Mulher jovem escrevendo diário carta em cima da cama


Terapia da Escrita: escrever ajuda pacientes a lidar com fortes emoções

Muitos psicólogos costumam solicitar aos pacientes que escrevam algum tipo de texto. Diários, cartas e cartões de lembretes são os tipos mais comuns. Se você já passou por terapia, já deve ter feito algo do tipo.

Pode parecer banal para leigos na área, mas existem centenas de estudos na psicologia comprovando que escrever pode ser benéfico de diversas formas no processo da terapia. Tanto que a atividade já ganhou um nome lá fora: “writing therapy” (terapia da escrita, em português).

A terapia de escrita é uma forma de terapia expressiva que usa o ato de escrever e processar a palavra escrita como terapia. Estudos mostram que escrever o que está sentindo diminui gradualmente os sentimentos de traumas emocionais, por exemplo. A escrita terapêutica pode ocorrer individualmente ou em grupo e pode ser administrada pessoalmente com um terapeuta ou remotamente por correio ou pela internet.

A atividade não é exclusiva de psicólogos e inclui outros profissionais em uma variedade de configurações, como em hospitais com pacientes que lidam com doenças mentais e físicas. No âmbito educacional, a escrita ajuda na autoconsciência e no desenvolvimento pessoal dos alunos. Quando administrada à distância, é útil para aqueles que preferem permanecer pessoalmente anônimos e não estão prontos para divulgar seus pensamentos e ansiedades mais pessoais em uma situação cara a cara.
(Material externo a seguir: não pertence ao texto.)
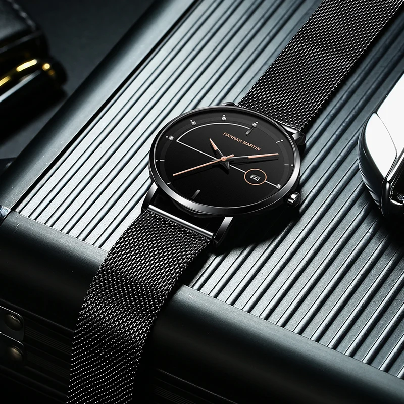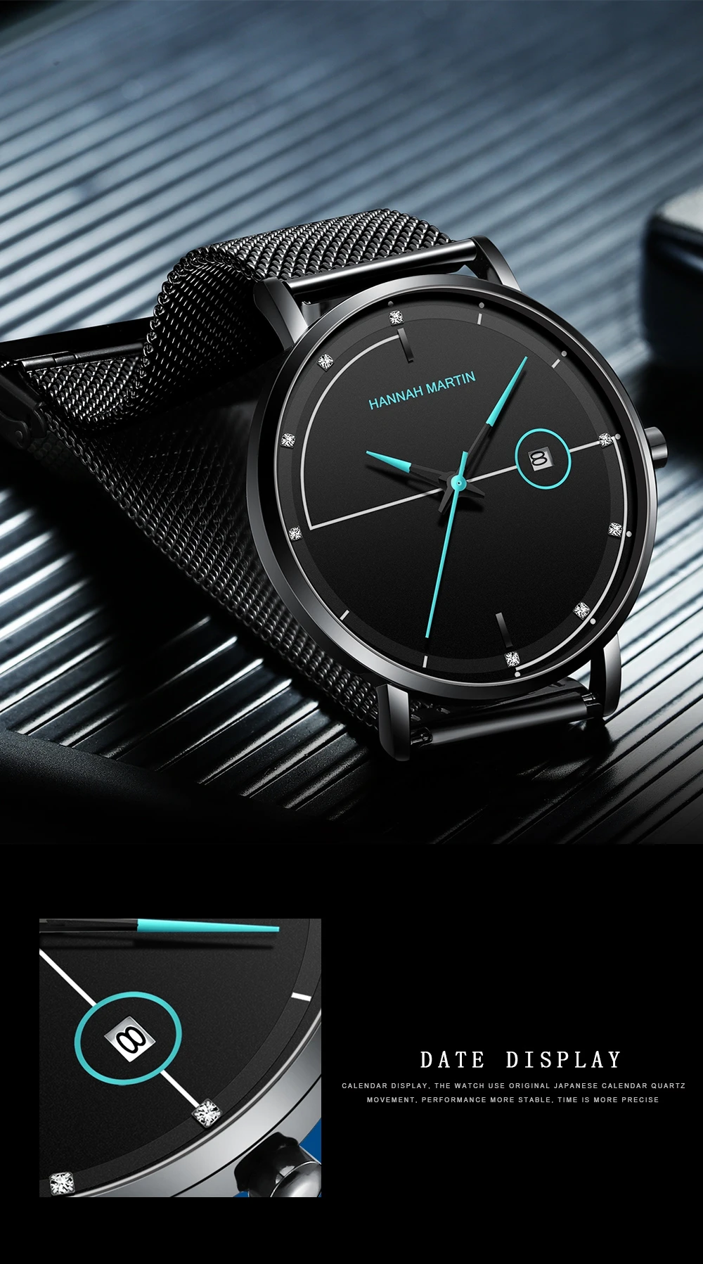 Часы Hannah Martin Мужские кварцевые, модные стальные водонепроница...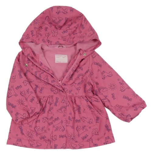 • Tmavoružová šušťáková jarná parka s jednorožcami a duhami a sluníčky a kapucňou M&Co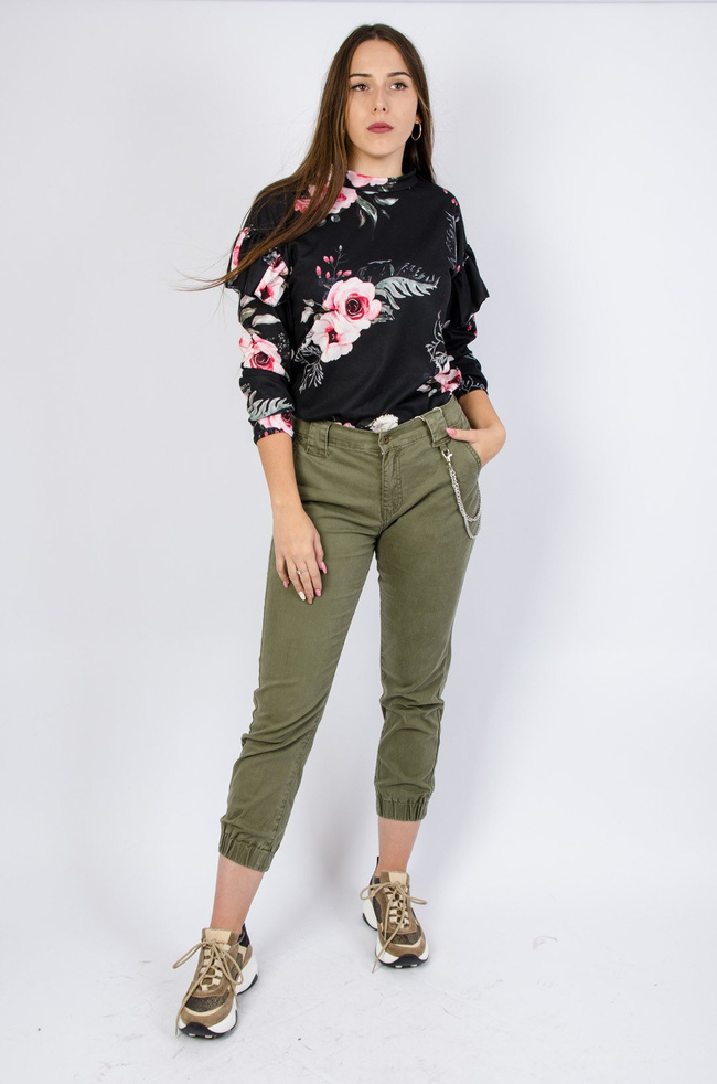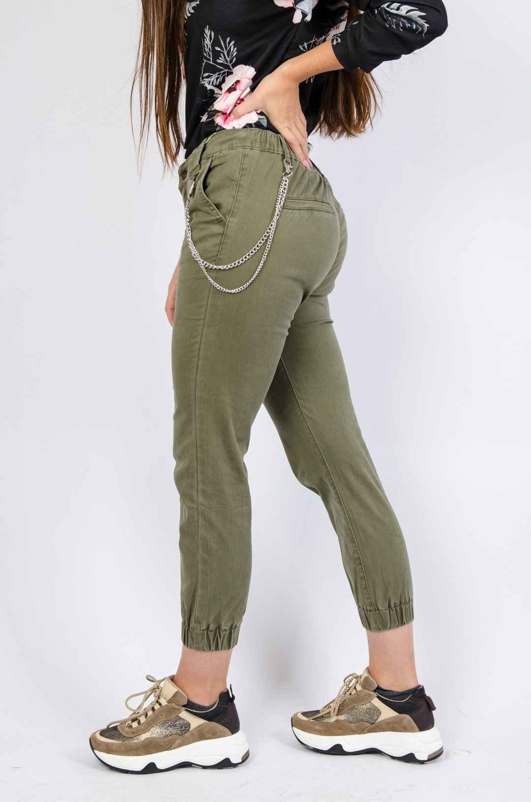 Zielone spodnie bojówki z łańcuszkiem w zestawie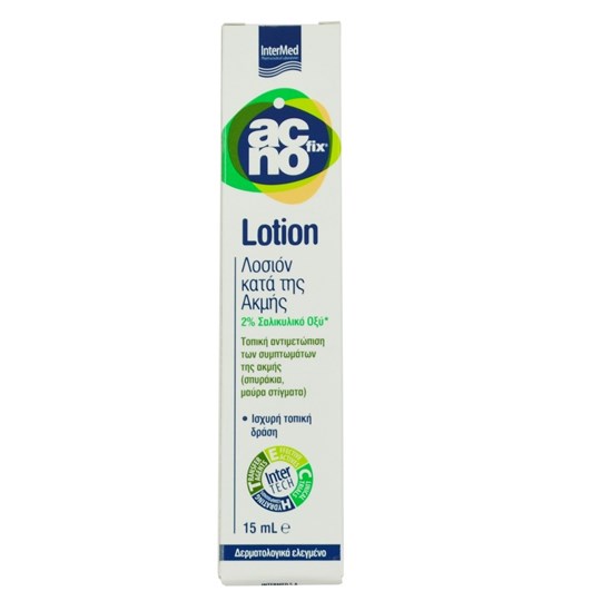 Η Acnofix Lotion με 2% σαλικυλικό οξύ* έχει ισχυρή κερατολυτική δράση και είναι κατάλληλη για την τοπική αντιμετώπιση των συμπτωμάτων τη ακμής (σπυράκια, μαύρα στίγματα). Ειδικά μελετημένη σύνθεση, εμπλουτισμένη με ενισχυτικό παράγοντα διείσδυσης που βοηθάει τo σαλικυλικό οξύ να δράσει σε βάθος, και canadian willowherb το οποίο εμποδίζει την εμφάνιση ακμής και απαλύνει την επιδερμίδα.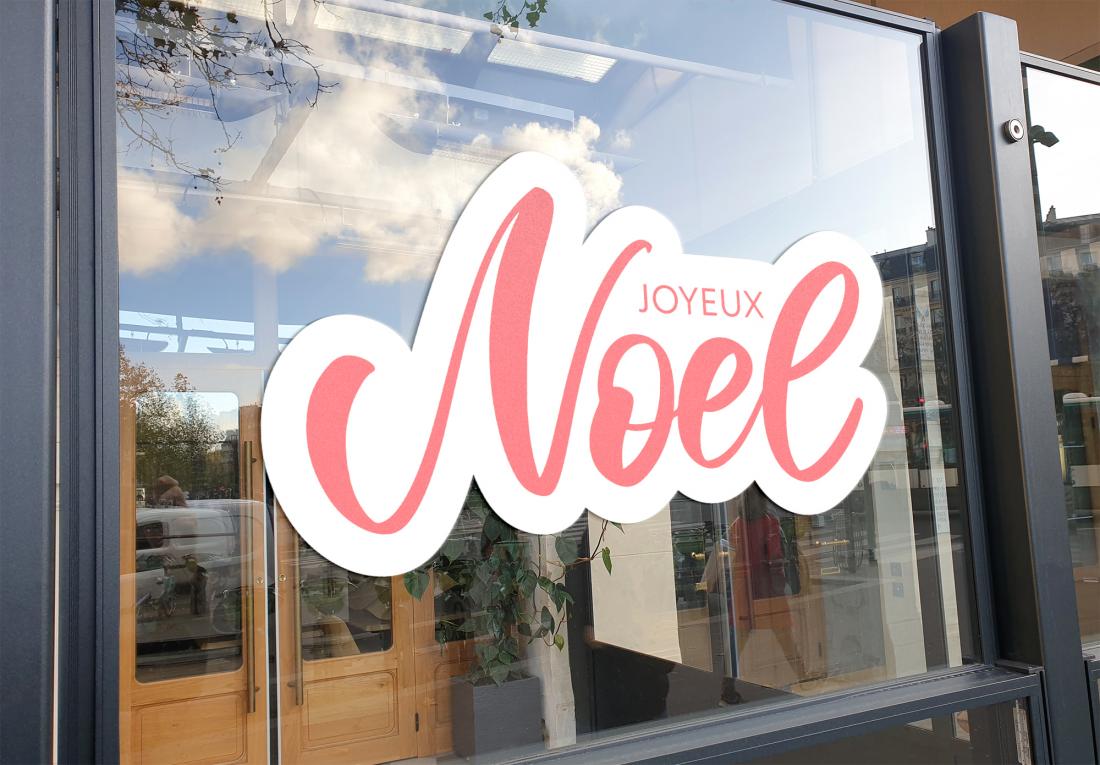 Décoration adhésive "Joyeux Noël", lot de 2. Format 100x34cm (l'ensemble). Pour toutes surfaces lisse, mur, vitre, repositionnable. Visuel sur 1 seule face, souple et opaque . Application facile, retrait sans résidus de colle. Tarif non négociable.

Como na maioria das formas de terapia, a terapia da escrita é adaptada e usada para trabalhar com uma ampla gama de doenças psíquicas, incluindo luto, rejeição e abuso, transtornos do humor e da ansiedade. Muitas dessas intervenções assumem a forma de aulas nas quais os clientes escrevem sobre temas específicos escolhidos por seu terapeuta ou conselheiro. As atribuições podem incluir escrever cartas não enviadas a indivíduos selecionados, vivos ou falecidos, seguidas de respostas imaginadas do destinatário ou partes do corpo do paciente, ou um diálogo com a garrafa de álcool do alcoólatra em recuperação.

Julie Gray, fundadora do projeto “Stories Without Borders” (Histórias sem Fronteiras), observa que "as pessoas que sofreram traumas em suas vidas podem se beneficiar da criação de narrativas a partir de suas histórias. É útil anotá-las, em outras palavras, em segurança e sem julgamento. O trauma é algo bastante individual, isolado. Aqueles que sofreram precisam entender como se sentem e também tentar comunicar isso a outras pessoas".


As teorias da escrita expressiva

A escrita expressiva é uma forma de terapia de escrita desenvolvida principalmente pelo psicólogo James W. Pennebaker no final dos anos 80.

Em sua famosa pesquisa, Pennebaker instruiu os participantes do grupo experimental a escrever sobre um 'trauma passado', expressando seus pensamentos e sentimentos muito mais profundos em torno dele. Por outro lado, foi solicitado aos participantes do grupo controle que escrevessem da maneira mais objetiva possível sobre tópicos neutros (por exemplo, uma sala específica ou seus planos para o dia), sem revelar suas emoções ou opiniões. Para ambos os grupos, a escala de tempo foi de 15 minutos de escrita contínua repetida por quatro dias consecutivos.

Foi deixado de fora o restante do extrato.